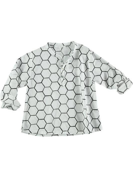 MAO SHIRT WITH GRAY FACES AND BALLOONS PRINT
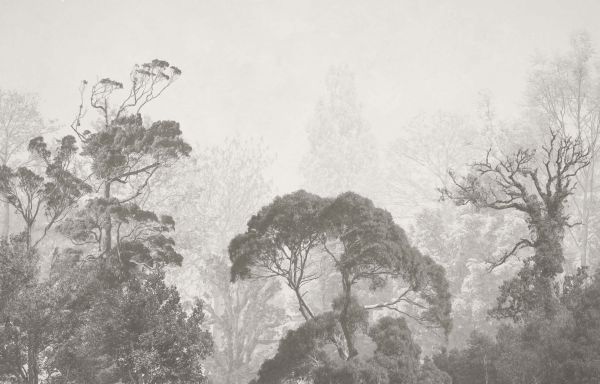 Waldlandschaft auf schwarz-weißer Fototapete. Diese Tapete eignet sich zum Beispiel perfekt für das Wohnzimmer.
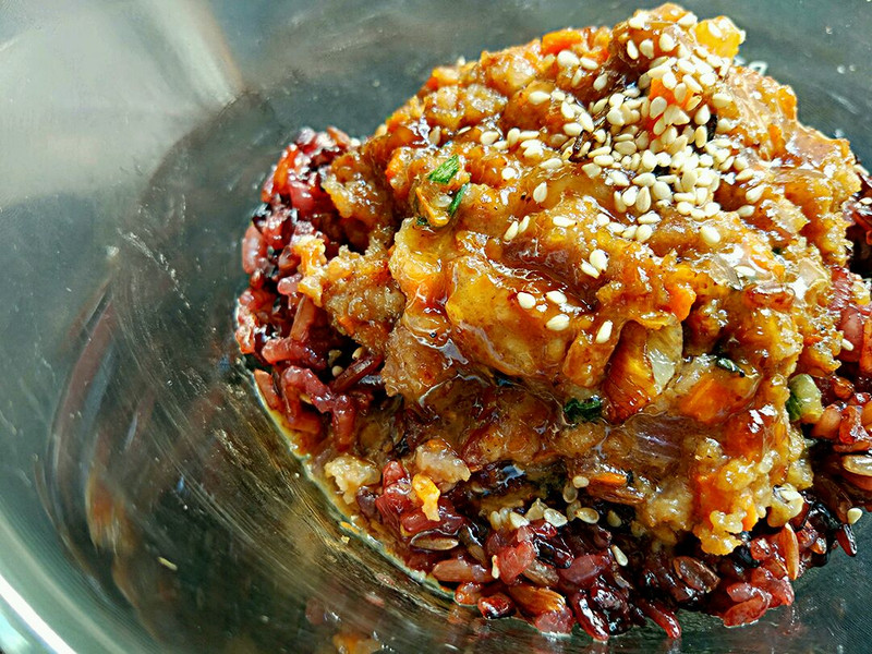 2. 绞尽脑汁构思该怎么试用,终于决定要做个热菜,日!式!肉!酱!肉酱拌饭比较容易腻,所以猜想寿司饭配着
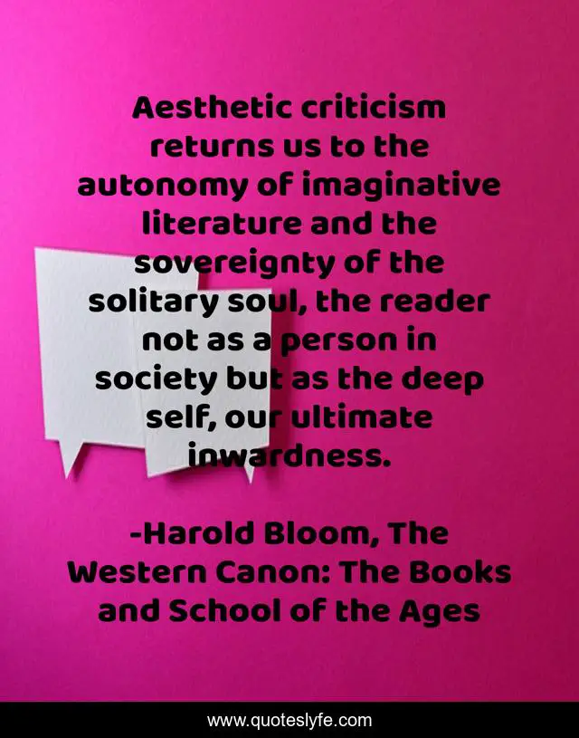 This page presents the quote "Aesthetic criticism returns us to the autonomy of imaginative literature and the sovereignty of the solitary soul, the reader not as a person in society but as the deep self, our ultimate inwardness.". Author of this quote is Harold Bloom, The Western Canon: The Books and School of the Ages. This quote is about aesthetics, humanity, literature, reading,.
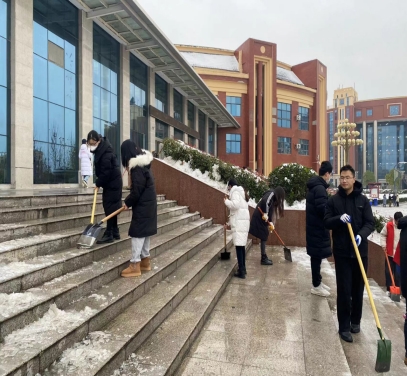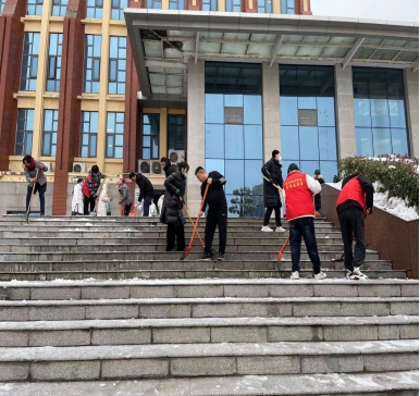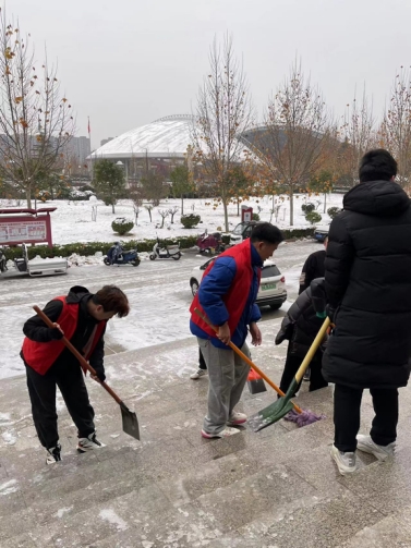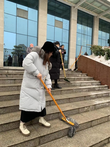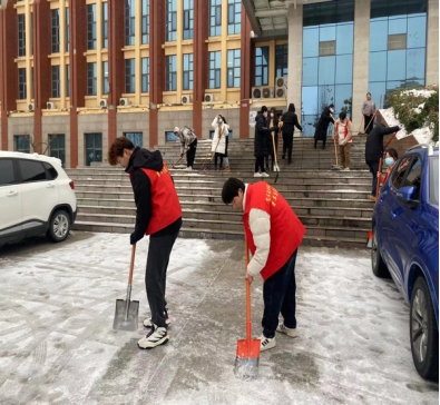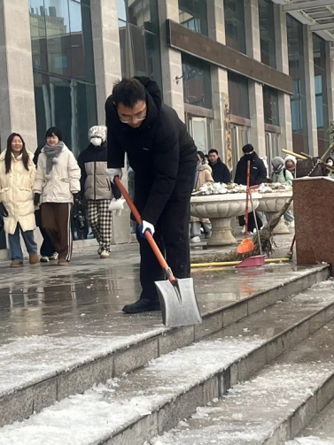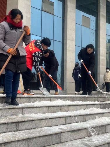 (图/付志刚 文/段中丽)雪是冬季的序曲,它给冬日增添了一份宁静与清新,使人心旷神怡,大雪在净化空气的同时,也给道路交通及师生出行带来诸多不便。近日,由于降雪持续,为了积极应对路面积雪、积冰,给师生出行带来的影响,保障师生出行安全。2023年12月15日,公司党委组织党员师生和积极分子在艺术楼门前继续开展扫雪除冰志愿活动。
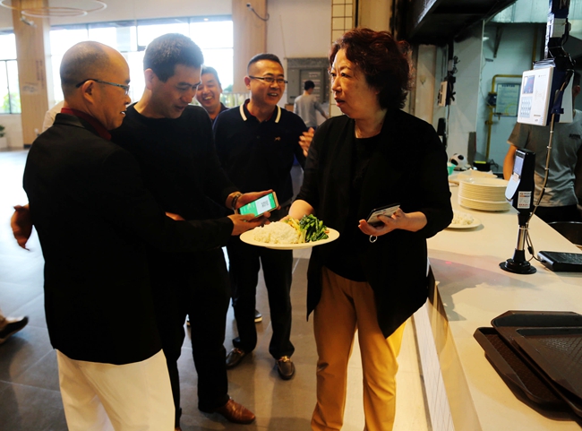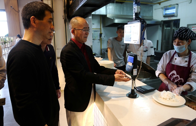 3月3日上午,王卫平、章德胜、高香林、周庆、刘玉侠等院领导视察了新学期食堂的准备工作,并来到悦香园三楼体验了移动支付用餐的便捷性。
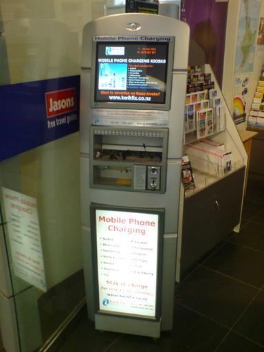 | Keywords: Smart Or Stupid, Mobile Phone Charger.jpg Not sure this will find enough business in this location to be worth the investment seen in Auckland New Zealand self-photographed 2010 Uploader Photos taken by Ingolfson 2010 in New Zealand Britomart Transport Centre Mobile phone chargers Battery chargers |
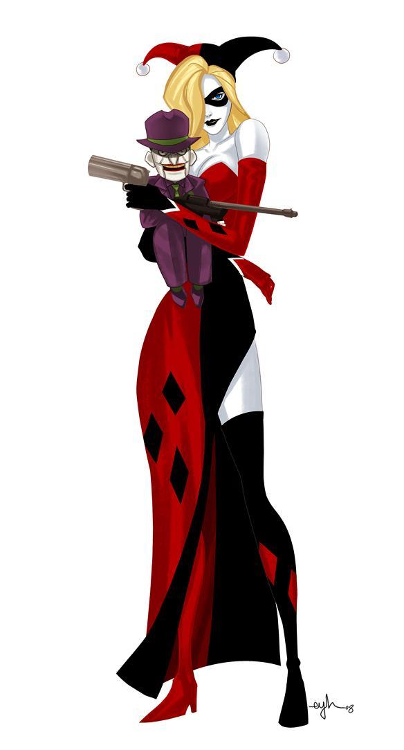 Then there's Punchline's right hand girl and possible love interest, the Scarlequinn. Pic related.original backstory was that she was the main act at a popular comedy club, when one day she invited a pre-Punchline Punchline on stage. when he was booed offstage, Scarlequinn was furious. Shit happened, sided with Punchline.My version- Scarlequinn was the daughter of one of Gotham's biggest, meanest, and wealthiest mob bosses. Jokingly nicknamed "Scar" due to his clear complexion and handsome face, the mob boss made a name for himself for doing anything to protect his only child and his business. One day, Scar is gunned down in front of his 12-year-old daughter, causing her to go a little crazy, wandering her home for days in a sort of trance, her father's empire crumbling around her, until she finds a beautifully handcrafted ventriloquist dummy stashed away and forgotten about in some chest somewhere in the house. Thinking it resembled her father, Scarlequinn picked up the doll and put all her memories into the doll, in essence giving it a life of it's own based off the original Scar. Through her "father" Scarlequinn re-forged the criminal empire through more cutthroat antics than her father could ever dream of. Now the youngest and truly most ruthless mob boss in all of Gotham and most of the surrounding area, Scarlequinn set out to recruit some major players- beginning with Killer Bane. Now, before I continue there, I'll move on to when she meets Punchline. When she hears of a fast thinking, joke-loving, riddle leaving madman, Scarlequinn seeks out this man, believing he would be vital to her criminal empire. When she finally meets up with him, she instantly falls in love with the man's cunning and tenacity, and adapts herself to become more of a harlequinn-esque figure, hoping to catch this Punchline's eye. She then takes on the name "Scarlequinn" as both an homage to her father and this new man in her life.her powers are- a vast criminal empire stretching across several major US cities and few foreign ones, incredible deal-making and intimidation skills garnered from her charismatic nature, high level of proficiency with revolvers and pistols. Whether or not the dummy Scar is just a vessel for her fathers spirit or an incredibly convincing act put on by Scarlequinn herself is unknown, but the dummy does seem to have his own voice, thought process, and personality drastically different from Scarlequinn's. Since the two are never separated, this allows them to formulate plans and create ideas as two symbiotic partners, and the two always work together to accomplish the task at hand.

# # #

Every line above from the one with "2. 绞尽脑汁构思该怎么试用" down to the one with "Battery chargers |" must be written out exactly, and no picture may appear.

Exercise output:
 2. 绞尽脑汁构思该怎么试用,终于决定要做个热菜,日!式!肉!酱!肉酱拌饭比较容易腻,所以猜想寿司饭配着
 This page presents the quote "Aesthetic criticism returns us to the autonomy of imaginative literature and the sovereignty of the solitary soul, the reader not as a person in society but as the deep self, our ultimate inwardness.". Author of this quote is Harold Bloom, The Western Canon: The Books and School of the Ages. This quote is about aesthetics, humanity, literature, reading,.
 (图/付志刚 文/段中丽)雪是冬季的序曲,它给冬日增添了一份宁静与清新,使人心旷神怡,大雪在净化空气的同时,也给道路交通及师生出行带来诸多不便。近日,由于降雪持续,为了积极应对路面积雪、积冰,给师生出行带来的影响,保障师生出行安全。2023年12月15日,公司党委组织党员师生和积极分子在艺术楼门前继续开展扫雪除冰志愿活动。
 3月3日上午,王卫平、章德胜、高香林、周庆、刘玉侠等院领导视察了新学期食堂的准备工作,并来到悦香园三楼体验了移动支付用餐的便捷性。
 | Keywords: Smart Or Stupid, Mobile Phone Charger.jpg Not sure this will find enough business in this location to be worth the investment seen in Auckland New Zealand self-photographed 2010 Uploader Photos taken by Ingolfson 2010 in New Zealand Britomart Transport Centre Mobile phone chargers Battery chargers |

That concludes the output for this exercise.